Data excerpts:
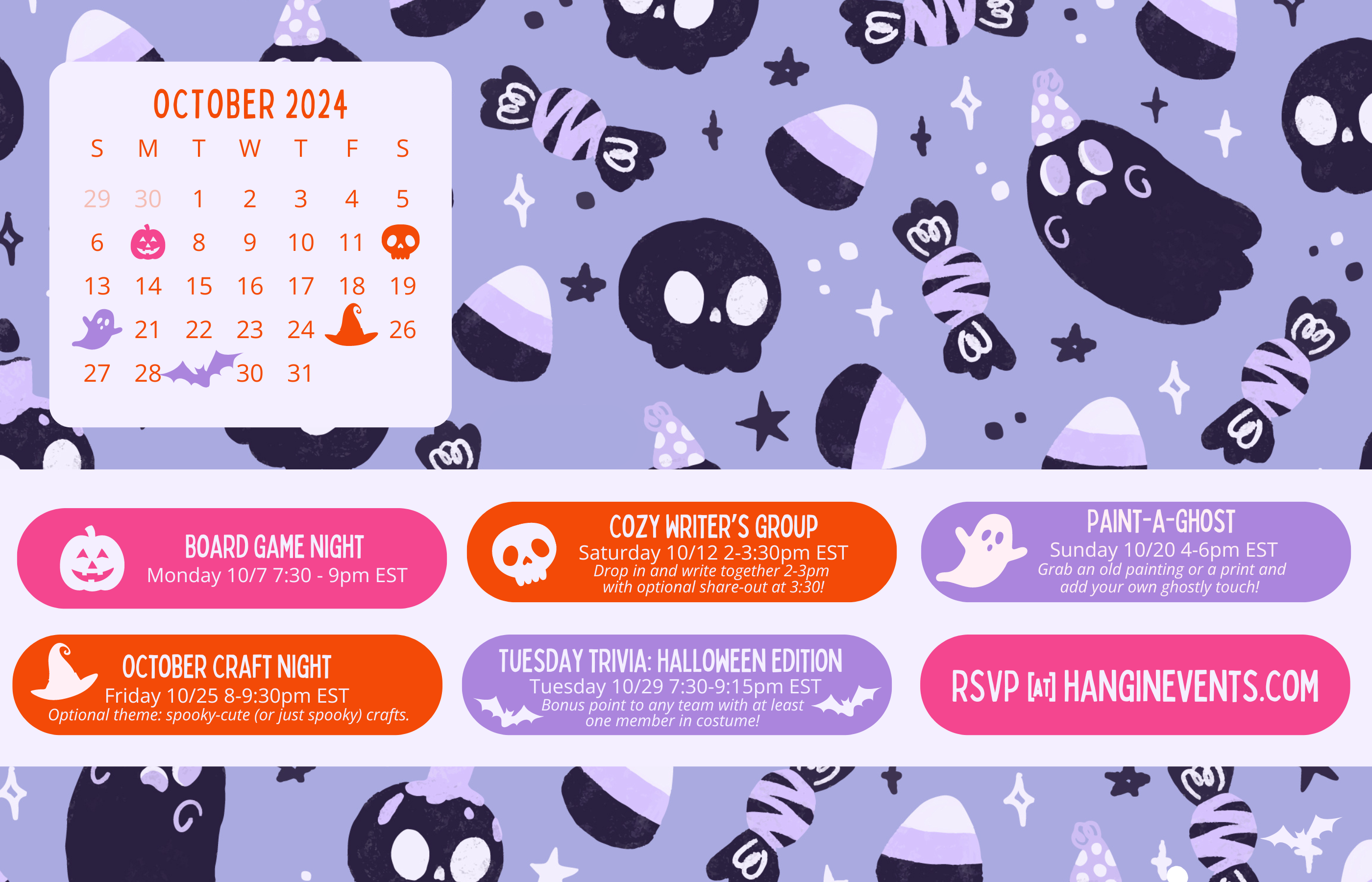 I am so excited for October! Cozy fall crafts, Halloween-themed events, apple cider donuts… the list goes on ◡̈ I made some silly October desktop calendars that I hope you’ll enjoy – three different styles, all with the five events I’ve got planned plotted onto them. Happy spooky season to us all!
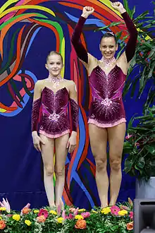 ![]() Claire Philouze and Léa Roussel (right) at the 2014 Acrobatic Gymnastics World Championships | |||||||||
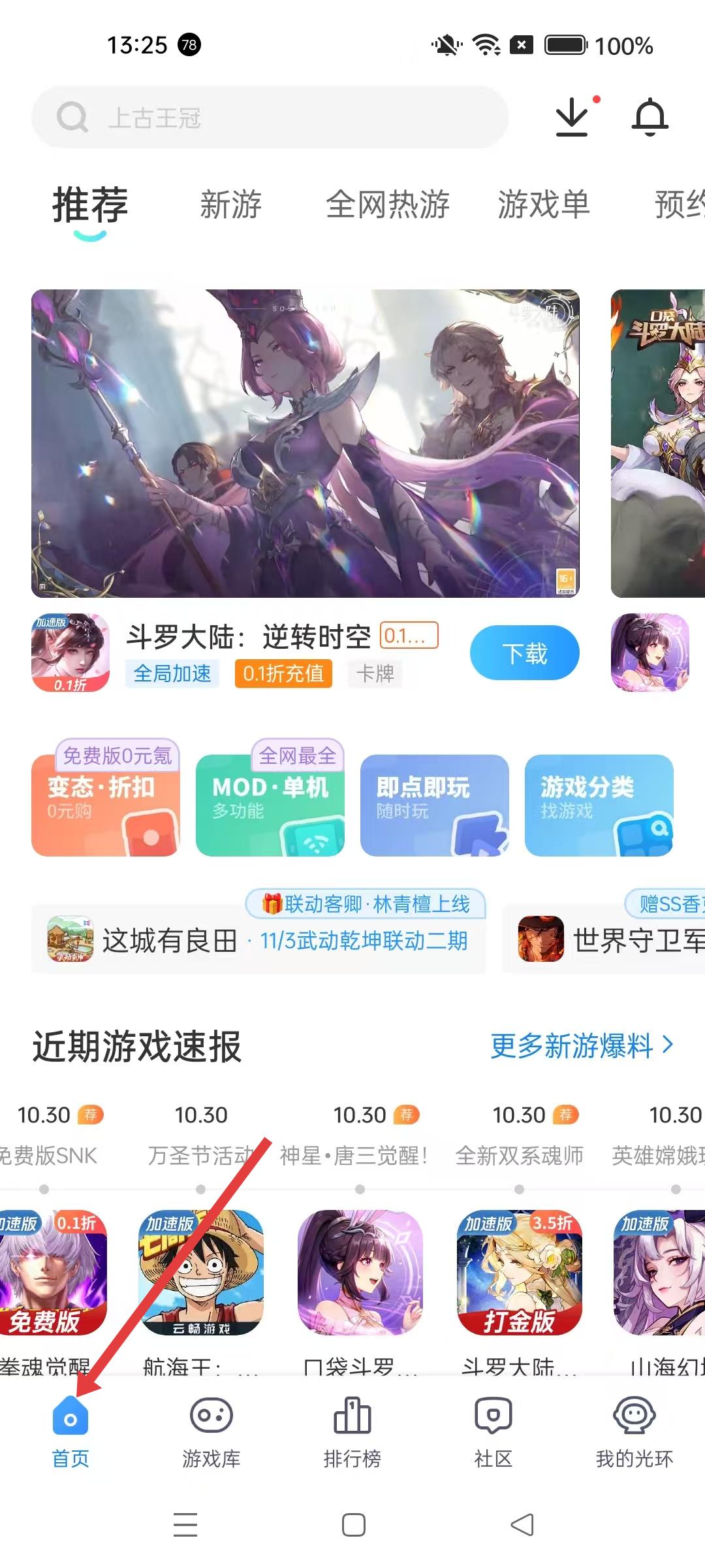 3、簽到完成后,可點擊去首頁看看,返回首頁后,再進入社區板塊,瀏覽推薦的游戲資訊、攻略等內容,了解游戲動態。
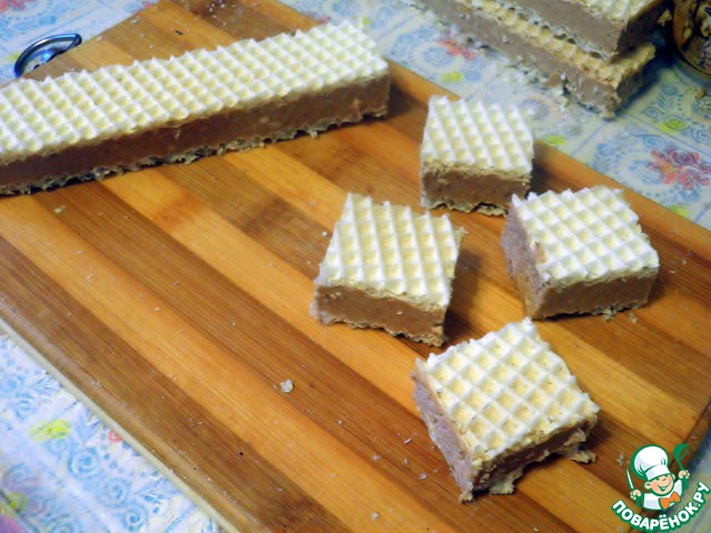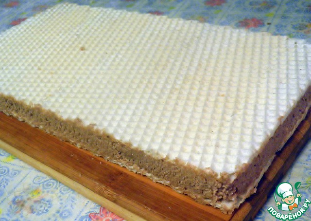 Полученную массу наносим толстым слоем, примерно 2 см, на один из вафельных коржей и разравниваем.
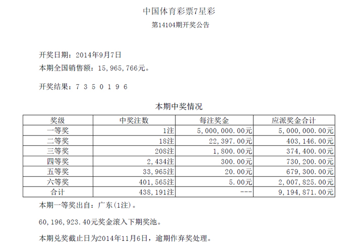 开奖公告
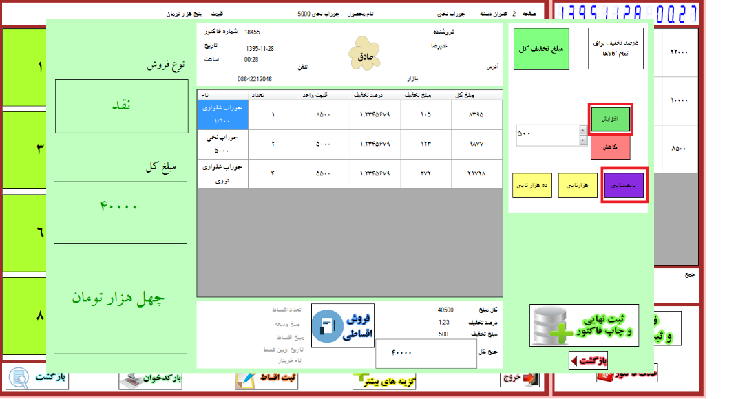 در صفحه تخفیف با انتخاب گزینه های صدتایی، هزارتایی، ده هزار تایی می توان به وسیله دو گزینه افزایش و کاهش اقدام به وارد نمودن مبلغ تخفیف کرد.

» **BRIEF**: Output, exactly and with no pictures, every line from the one that contains "Championships | |||||||||" through the final line of the entries.

» **OUTPUT BELOW**:
 ![]() Claire Philouze and Léa Roussel (right) at the 2014 Acrobatic Gymnastics World Championships | |||||||||
 3、簽到完成后,可點擊去首頁看看,返回首頁后,再進入社區板塊,瀏覽推薦的游戲資訊、攻略等內容,了解游戲動態。
 Полученную массу наносим толстым слоем, примерно 2 см, на один из вафельных коржей и разравниваем.
 开奖公告
 در صفحه تخفیف با انتخاب گزینه های صدتایی، هزارتایی، ده هزار تایی می توان به وسیله دو گزینه افزایش و کاهش اقدام به وارد نمودن مبلغ تخفیف کرد.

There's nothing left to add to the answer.